Bearish
Bitcoin Options Traders Hedge Risk After Fed Rate Cut - Deribit Data Shows Bearish Skew
19.09.2025 11:18
Bitcoin traders are increasing downside protection despite recent positive market developments, according to Deribit CEO Luuk Strijers. The Federal Reserve's recent 25 basis point rate cut and SEC's new crypto ETF listing standards have failed to shift the cautious options market sentiment.
Deribit's DVOL index, measuring 30-day implied volatility, remains at multi-year lows around 24%. Typically bullish conditions would make call options more expensive, but put options continue trading at premiums across all time frames on the world's largest crypto options exchange.

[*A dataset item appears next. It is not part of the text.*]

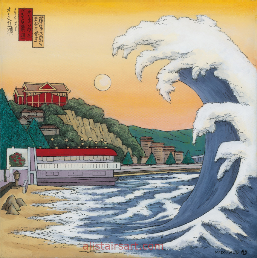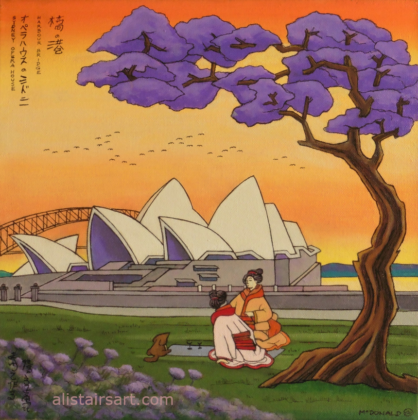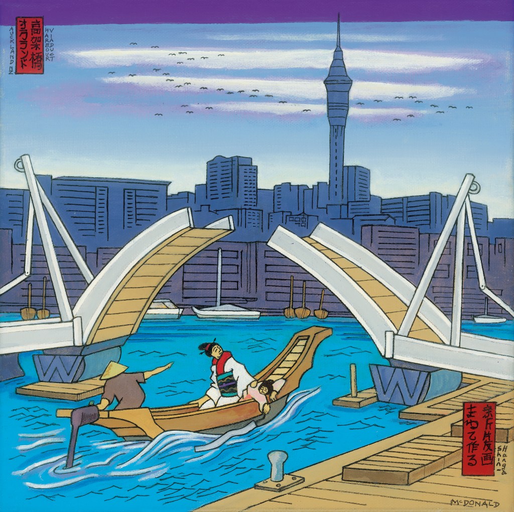 These are nikuhitsu-ga, paintings in an ukiyo-e style. I have tried to imagine how Hiroshige (1797-1858) and his contemporary Hokusai may have shown views of modern Wellington, Auckland, Queenstown, Wanaka, Mt Maunganui, Taranaki, Sydney and Melbourne if they were alive today.

Options skew data from Amberdata shows negative sentiment across 7, 30, 60, and 90-day expirations, with only 180-day skew neutral. This persistent put bias suggests traders anticipate potential BTC price corrections despite macroeconomic stimulus.
Market participants appear concerned that Fed easing was already priced in and worsening economic conditions could reduce demand for risk assets like Bitcoin. Covered call strategies, where traders sell calls against spot holdings, are also contributing to the put skew while generating additional income but limiting upside potential.
Deribit's global head Sirah Farik notes this behavior resembles traditional S&P index options, indicating market maturity alongside ongoing caution as traders await the next catalyst to break the current stalemate.